Perkuat Literasi Zakat, LAZISNU Kulon Progo Luncurkan Buku Panduan Praktis Zakatku

Kulon Progo – Berzakat tidak hanya dimaknai sebagai kewajiban ritual semata, tetapi juga sebagai wujud kepedulian sosial yang memiliki dampak luas bagi kehidupan umat. Oleh sebab itu, zakat perlu dipelajari, dipahami, dan didakwahkan secara berkelanjutan agar implementasinya sesuai dengan tuntunan syari’at.
Berangkat dari berbagai keresahan di tengah masyarakat terkait pamahaman dan praktik zakat, NU CARE LAZISNU Kulon Progo menerbitkan Buku Panduan Praktis Zakatku. Buku ini disusun oleh Bapak M. Abdul Karim Mustofa bersama tim LAZISNU Kulon Progo sebagai ikhtiar menghadirkan pedoman zakat yang praktis dan mudah dipahami.

Peluncuran Buku Panduan Praktis Zakatku dilaksanakan dalam kegiatan Madrasah Amil bertajuk “Penerapan Strategi Digital Marketing dalam Penghimpunan ZIS” yang diselenggarakan di Kantor PCNU Kulon Progo pada Sabtu (31/1/2026). Kegiatan ini turut dihadiri oleh perwakilan petugas ZIS se-kabupaten Kulon Progo.
Secara terbuka, Kiai Karim, penulis sekaligus sekretaris LAZISNU Kulon Progo menyampaikan bahwa tidak sedikit masyarakat yang merasa belum mampu berzakat, padahal secara ketentuan telah memenuhi syarat wajib zakat.
“Zakat kerap ditunda bukan karena ketidakmampuan, melainkan karena kekhawatiran harta berkurang. Selain itu, masih ditemukan miskonsepsi antara zakat dan shadaqah dalam praktik keseharian”, tambahnya.

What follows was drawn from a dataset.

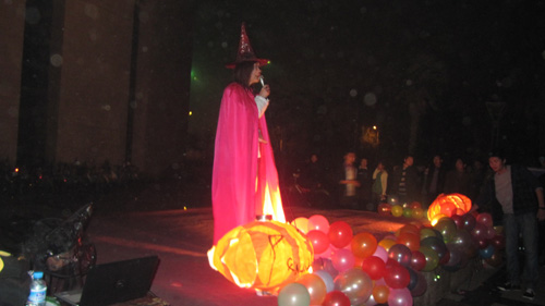 晚会举行时,广场成了欢乐的海洋。现场闪着鬼眼的南瓜灯,着黑披风飘荡着的魅影告诉人们这是一个特殊的万圣之夜。 一支支舞曲接连响起,旋转跳动的身影令人眼花缭乱;舞动的热情令人跃跃欲试;互动游戏更激发热情。所有的一切赶走了夜的寒,点亮了夜的黑。不管是否认识,也不管是否会跳,都聚在一块,尽情释放着青春的活力。晚会持续到21:00结束。

Dalam kesempatan yang sama, ia menyampaikan pentingnya akreditasi dan audit internal pengelolaan LAZISNU untuk meminimalisasi potensi ketimpangan pemahaman zakat di masyarakat sekaligus memperkuat tata kelola zakat yang sesuai ketentuan agama.

Buku Panduan Praktis Zakatku menyajikan pemahaman zakat secara komprehensif, mulai dari dasar-dasar zakat hingga penjelasan teknis dan perhitungannya. Buku ini sangat relevan bagi siapa saja yang memiliki kepedulian terhadap optimalisasi zakat sebagai bagian inti dari ajaran Islam, baik masyarakat umum, calon muzakki, pengelola, maupun para pelaku zakat.

Buku ini telah dicetak sebanyak 50 eksemplar dan terdiri dari (xi +86) halaman, memuat empat bab, yakni: Pengantar zakat, Zakat Fitrah, Zakat Maal (harta), dan Panduan Menghitung Zakat Maal.
“Melalui buku ini, harapannya dapat memberikan jawaban atas pertanyaan yang sering muncul di tengah masyarakat, seperti “zakatku bagaimana?” atau “seharusnya zakatku berapa”, dan lain sebagainya, sehingga buku ini mampu menjadi solusi keumatan khususnya dalam persoalan zakat,” pungkas Kiai Karim.